SELECT * FROM memory.default.nation;

Drop table:

DROP TABLE memory.default.nation;

Create a table using the memory connector with sorting, indices and spill compression:

CREATE TABLE memory.default.nation
WITH (
    sorted_by=array['nationkey'],
    index_columns=array['name', 'regionkey'],
    spill_compression=true
)
AS SELECT * from tpch.tiny.nation;

After table creation completes, the memory connector will start building indices and sorting data in the background. Once the processing is complete any queries using the sort or index columns will be faster and more efficient.

For now, sorted_by only accepts a single column.

Configuration Properties

Property NameDefault ValueRequiredDescription
memory.splits-per-nodeAvailable processors on the coordinatorNoNumber of splits to create per node. Default value is number of available processors on the coordinator. Value is ignored on the workers. In high concurrency, setting this value to a lower number will improve performance.
memory.spill-pathNoneYesDirectory where memory data will be spilled to. Must have enough free space to store the tables. SSD preferred.
memory.max-data-per-node256MBYesMemory limit for total data stored on this node
memory.max-logical-part-size256MBNoMemory limit for each LogicalPart. Default value is recommended.
memory.max-page-size512KBNoMemory limit for each page. Default value is recommended.
memory.logical-part-processing-delay5sNoThe delay between when the table is created/updated and LogicalPart processing starts. Default value is recommended.
memory.thread-pool-sizeHalf of threads available to the JVMNoMaximum threads to allocate for background processing (e.g. sorting, index creation, cleanup, etc)

Path whitelist:["/tmp", "/opt/hetu", "/opt/openlookeng", "/etc/hetu", "/etc/openlookeng", current workspace]

Additonal WITH properties

Use these properties when creating a table with the memory connector to make queries faster.

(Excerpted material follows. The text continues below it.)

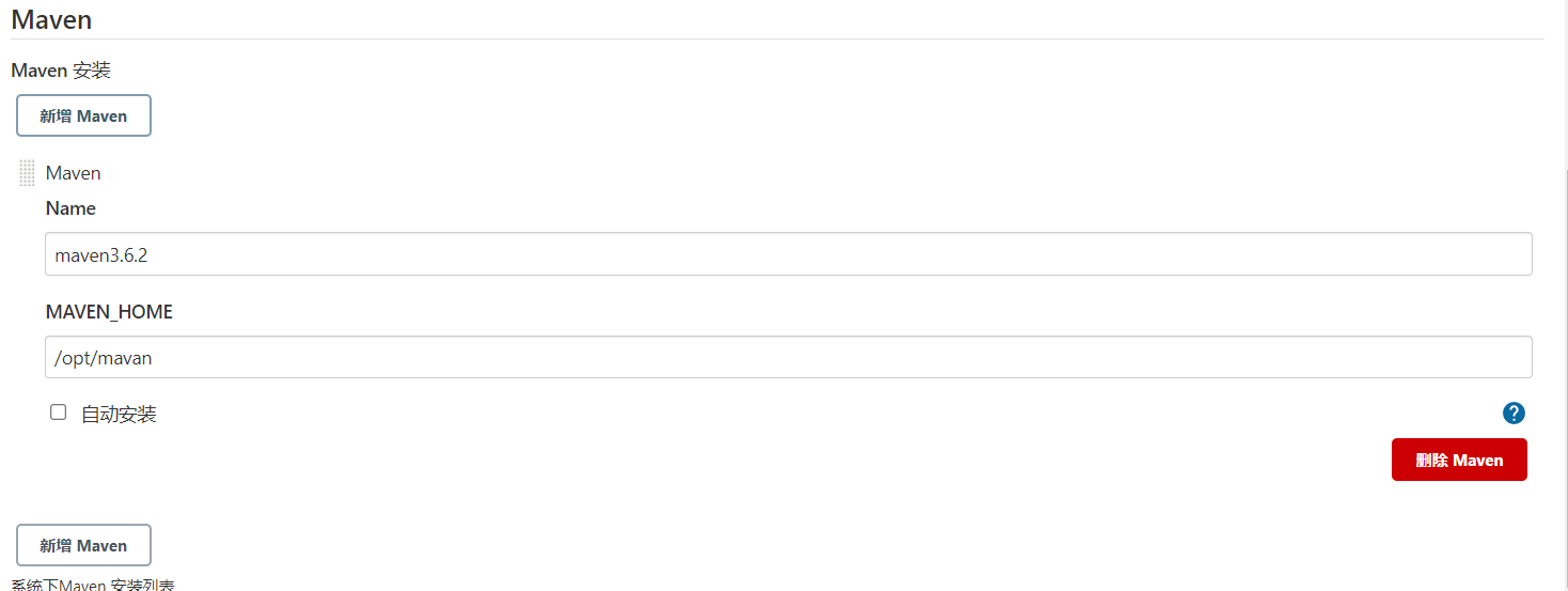 同理指定MAVEN的MAVEM_HOME Jenkins->Global Tool Con?guration->Maven->新增Maven,配置如下: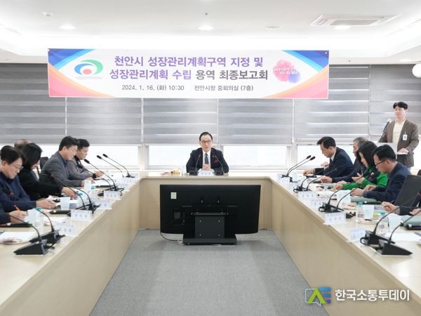 시는 이날 시청 중회의실에서 박상돈 시장을 비롯해 성장관리계획 관련 부서장 및 관련 전문가와 용역사가 참석한 가운데 ‘천안시 성장관리계획구역 지정 및 계획수립 용역 최종보고회’를 개최했다.

Property NameArgument typeRequirementsDescription
sorted_byarray['col']Maximum of one column. Column type must be comparable.Sort and create indexes on the given column
index_columnsarray['col1', 'col2']NoneCreate indexes on the given column
spill_compressionbooleanNoneCompress data when spilling to disk

Index Types

These are the types of indices that are built on the columns you specify in sorted_by or index_columns. If a query operator is not supported by a particular index you can still use that operator, but the query will not benefit from the index.

Index IDBuilt for Columns InSupported query operators
Bloomsorted_by,index_columns= IN
MinMaxsorted_by,index_columns= > >= < <= IN BETWEEN
Sparsesorted_by= > >= < <= IN BETWEEN

Developer Information

This section outlines the overall design of the Memory Connector, as shown in the figure below.

Memory Connector Overall Design

The data is distributed to different workers as splits. Those Splits are further organized into LogicalParts. The LogicalParts contain indexes and data. Table data will be automatically spilled to disk. If there is not enough memory to hold the entire data the tables can be released from memory. Data is sorted and indexed in a background process allowing faster table creation. The table is still queriable during processing, queries are just not as efficient. HetuMetastore is used to persist table metadata.

Splits

During table creation, pages are distributed to each of the workers. Each of the workers will have the same number of splits. Splits are filled with Pages in a round-robin fashion. When Tablescan is scheduled, splits will be scheduled. Setting number of splits to a value less than number of cores on the node allows for maximum parallelism. Not all tables will fit into memory, so automatic spill-to-disk management takes place. The maximum individual table size is the most that can fit into the configured memory connector limit. The table is automatically spilled to disk after creation as part of a background process.

LogicalPart

Each split will be further organized into LogicalParts. LogicalParts have a maximum configurable size (default 256 MB). New LogicalParts are created once the last one is filled. As part of background processing after table creation, data is sorted and indexed. Based on the pushed down predicate, entire LogicalParts can be filtered out using the Bloom Filter and MinMax indices. Further Page filtering is done using the Sparse index.

Sparse Index

Pages are first sorted, then optimized and finally a Sparse Index is created. This allows for smaller index sizes since not all unique values need to be stored. The Sparse index helps reduce input rows but does not perform perfect filtering. Further filtering is done by openLooKeng’s Filter Operator.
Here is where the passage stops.